We’ve already touched on the likelihood that a new class of citizen will be created if zombiism has a long incubation period (see: Rights of the Infected).  The closest model that currently exists for this potential reality is the forced segregation of people with leprosy before that disease was fully understood.  And no book better illustrates the leper’s plight than John Tayman’s bestselling work, The Colony.

The Colony chronicles a dark chapter in Hawaiian history, when thousands of lepers were forced to live on a remote island, separated from their families, and doomed to live out their last days in deplorable conditions.  Their sickness was ruled an illegal act, their rights were stripped, and they were considered living corpses.

“The patients were judged to be civilly dead, their spouses granted summary divorces, and their wills executed as if they were already in the grave.”

No matter how they were legally defined, the lepers were still alive when they were shipped away from the world.  In fact, many lived years, even decades in isolation, making them the first true example of the walking dead.

Tayman’s exhaustive research helped him to create a full picture of what life was like in the colony of exiles.  And because of this, it takes little imagination to see that the governmental and public response to the dreaded leprosy of old may be shockingly similar to that of the coming zombie pandemic.

2 comments

  1. Given our history in this country, the Infected in this country would be rounded up and placed in concentration camps like we did to the Japanese during WW2. This really isn’t the important question. The important question is, “Is this the right thing to do?”.

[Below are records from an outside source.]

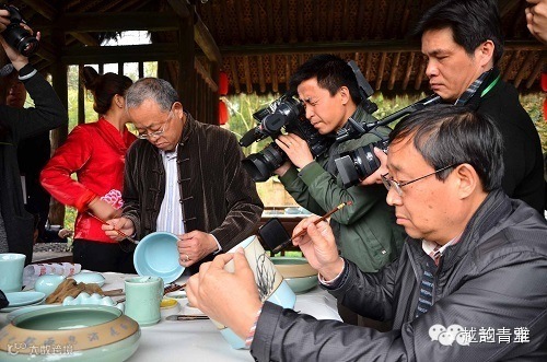 “越韵青雅•闻香摹兰”项目活动,共由名师雅叙、闻香摹兰、书瓷为媒、爱心瓷善四部分活动组成。活动现场,古琴悠悠,兰香扑鼻,海内外书画名家和来自龙泉的国家级青瓷工艺大师夏侯文等,集聚一堂,效仿书圣,面对飘拂婀娜的兰叶,体味羲之摹兰之意境。在宣纸或越窑青瓷胚胎上泼墨挥毫,书画与青瓷结合,在“一兰一书一瓷”间,穿越时空,穿越心灵。
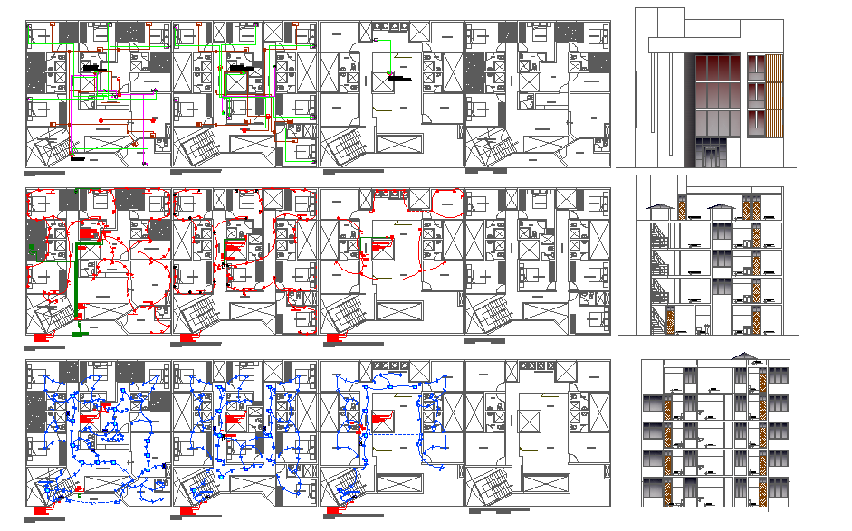 This Hotel Detail Plan project presents a complete architectural layout designed to support accurate planning, circulation management, and technical coordination. The drawing includes multi-floor room arrangements, lobby layouts, service corridors, housekeeping zones, guest rooms, lift cores, staircases, and emergency exits. The DWG also displays fire exit routing, electrical wiring paths, plumbing lines, and HVAC passages clearly marked with dedicated colors for easy interpretation. These details help architects and engineers understand spatial distribution and building services within a functional hotel environment.
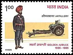 Commemorative stamps have been released were released by India Post depicting field artillery, a gunner and howitzer from Mountain Battery on the Golden Jubilee of the Regiment of Artillery and on the 50th anniversary of the 9 (Parachute) Field Regiment.[21][22][23]
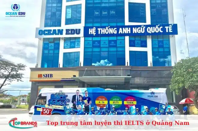 Trung tâm Anh Ngữ OCEAN là một trong những đơn vị đào tạo tiếng Anh uy tín nhất tại Quảng Nam. Nổi bật nhất của trung tâm là khóa học luyện thi IELTS được nhiều bạn học viên lựa chọn, với phương pháp giảng dạy hiện đại cùng lượng kiến thức và tài liệu chuẩn quốc tế.
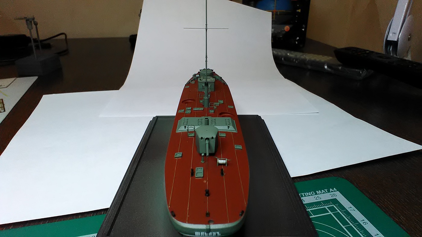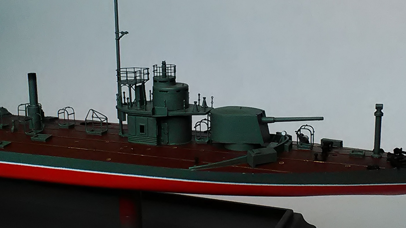 Палуба мостика, скорее всего тоже, была покрыта линолеумом. Но, возможно, просто окрашена в основной цвет. На крыше боевой рубки, наверно была деревянная решётка. Такие же решётки - помосты, могли установить и на орудийных бышнях, вокруг пулемётных установок.

    The answer to this lies(lays, my grammar sucks) in how the Infected become infected. Is it by body fluid where a simple cough may infect another person like a cold, or is it just blood-borne.

    At first, I believe it is the right thing to do. Atleast until the point comes where we understand the virus/bacteria/etc that causes people to get infected.

    Should they wearing identifying armbands/clothing or special id cards?

    Will they die of the infection or do they have to die of other causes first?

    Should they always stay apart from the uninfected?

    What use can they be?

    There are other questions to be answered to I can’t ask them all.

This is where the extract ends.